__Requirement__. Pictures are to be omitted. Output only the lines from the one containing "Fish hook earrings" through the end of the data, word for word.

__Source data__.
○ ○ ○
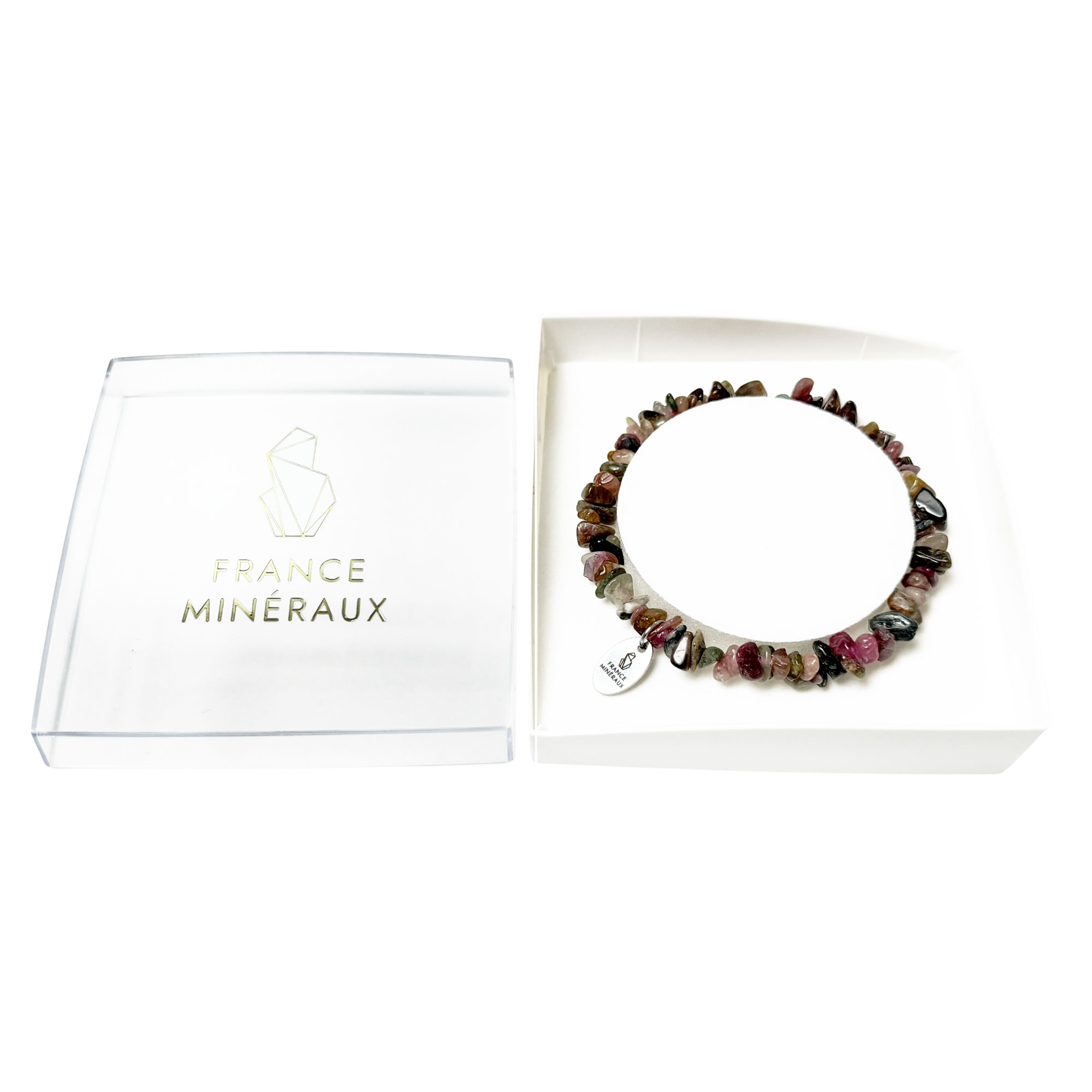 Le bracelet tourmaline multicolore baroque est un fin bracelet à porter au poignet le plus souvent possible. Il convient autant aux hommes qu’aux femmes, à des personnes jeunes ou plus âgées. C’est un bijou délicat et élégant. Discret visuellement, il est cependant puissant dans ses effets. Les pierres utilisées dans la réalisation de ce bracelet sont toutes différentes. Elles peuvent être multicolores, roses, vertes, bleues, grises, blanches, noires… Elles s’agencent et alternent pour créer un ensemble harmonieux : le bracelet tourmaline multicolore 19cm. La tourmaline appartient à la famille minérale des silicates. Aujourd’hui, elle est extraite principalement en Asie (Chine, Sri Lanka), au Moyen-Orient (Pakistan Afghanistan), en Afrique (Mozambique, Nigéria) et en Amérique du Sud (Brésil).
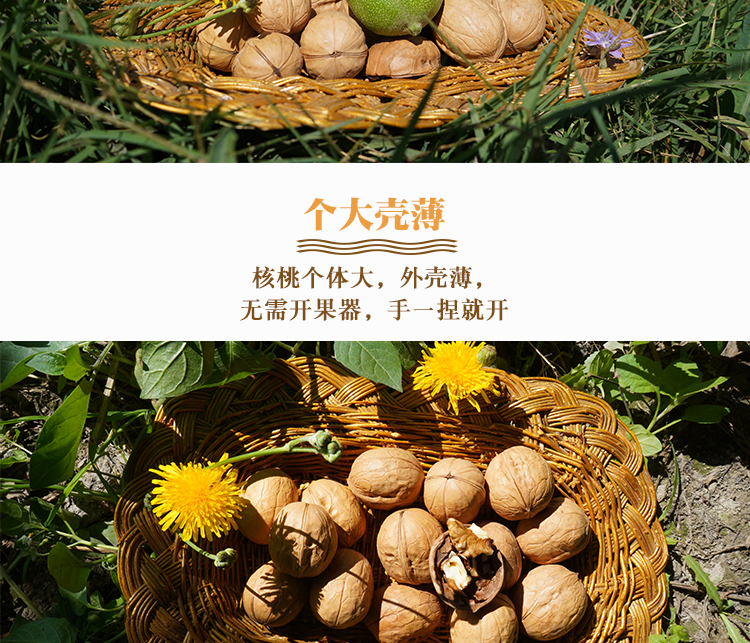 源自優(yōu)質(zhì)核桃產(chǎn)區(qū),清水清洗,天然晾曬,核桃外皮光滑干凈,殼薄易撥,果仁飽滿,因由雪水澆灌,加以日照充足,果肉不但不澀,細(xì)品有一股淡淡的清甜,是核桃中的佳品。
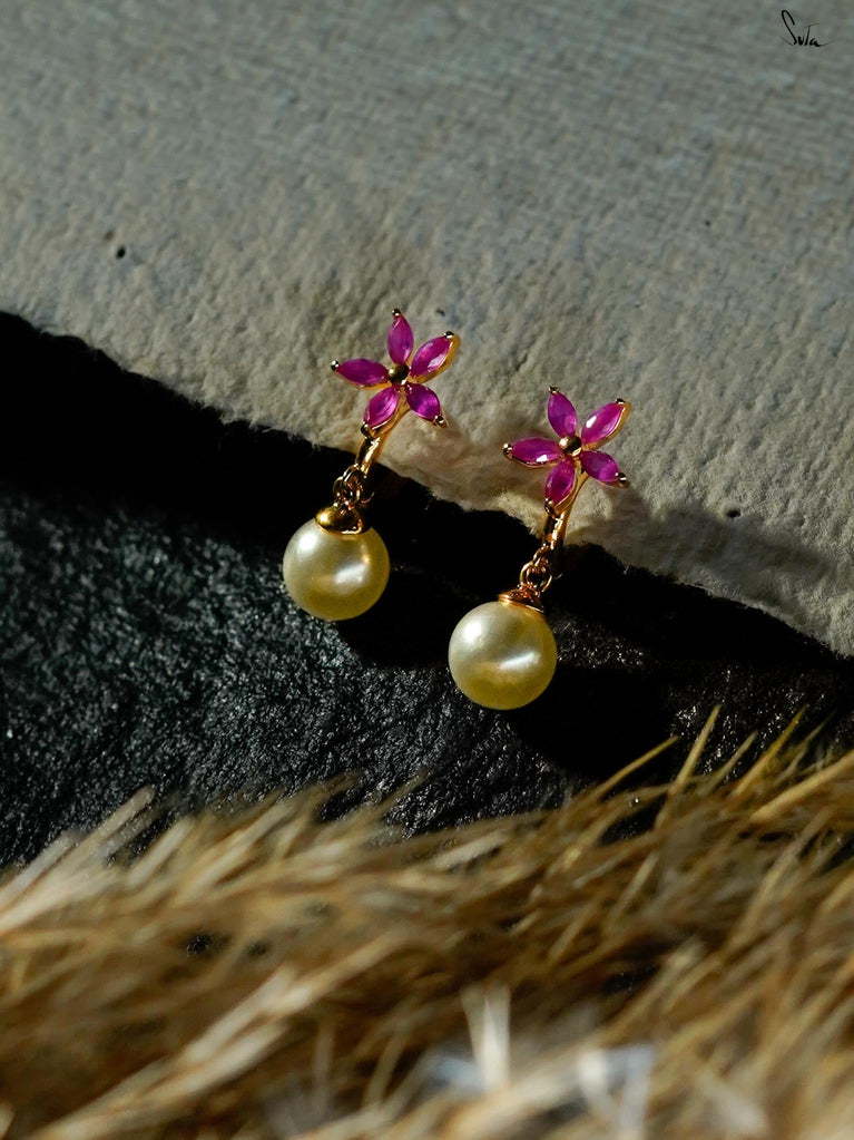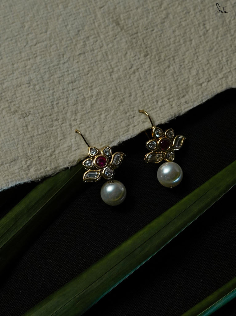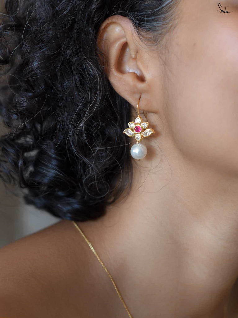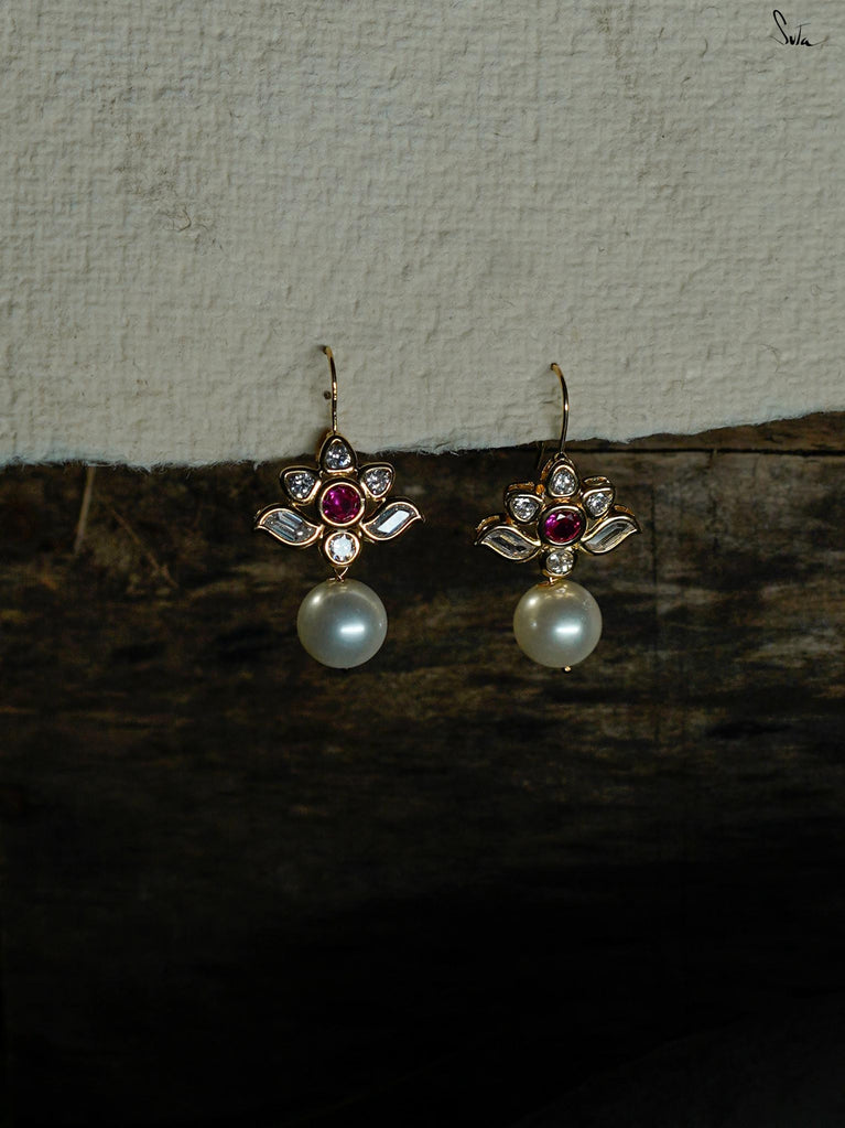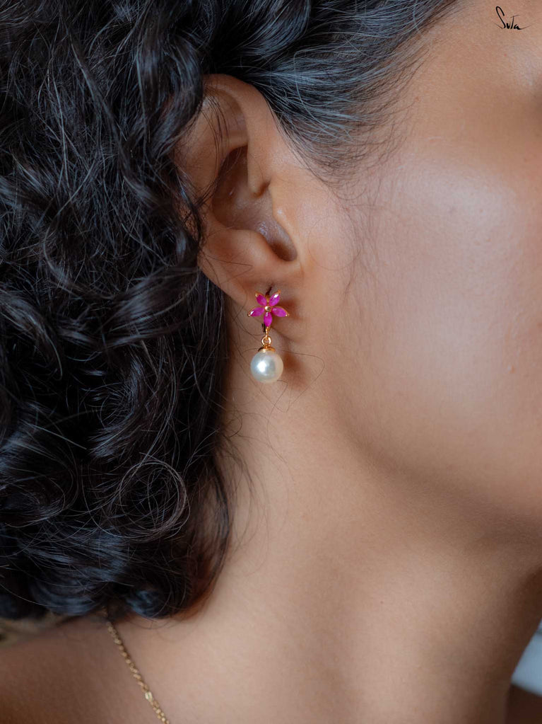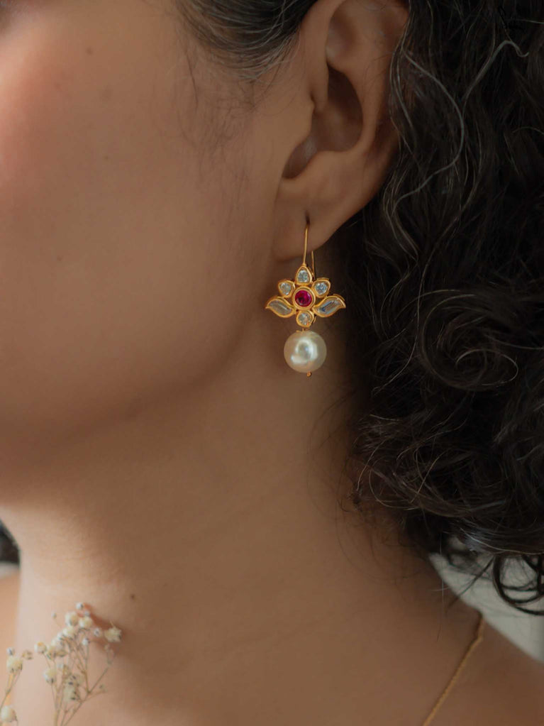 Fish hook earrings in 92.5 silver with a micro-gold finish, pearl, AD, and ruby. A gentle spark of red where warmth meets grace. A pearl wrapped in spark. Warmth with edge.
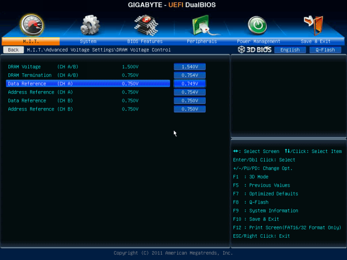Для памяти ситуация оказалась диаметрально противоположной: материнская плата выставила более низкое напряжение (1,54 В), причем его снижение не сказалось на стабильности системы. Напряжение 1,57 В использовалось как гарант абсолютной стабильности, но оказалось излишним.
○ ○ ○
__Solution to the problem__.
 Fish hook earrings in 92.5 silver with a micro-gold finish, pearl, AD, and ruby. A gentle spark of red where warmth meets grace. A pearl wrapped in spark. Warmth with edge.
Для памяти ситуация оказалась диаметрально противоположной: материнская плата выставила более низкое напряжение (1,54 В), причем его снижение не сказалось на стабильности системы. Напряжение 1,57 В использовалось как гарант абсолютной стабильности, но оказалось излишним.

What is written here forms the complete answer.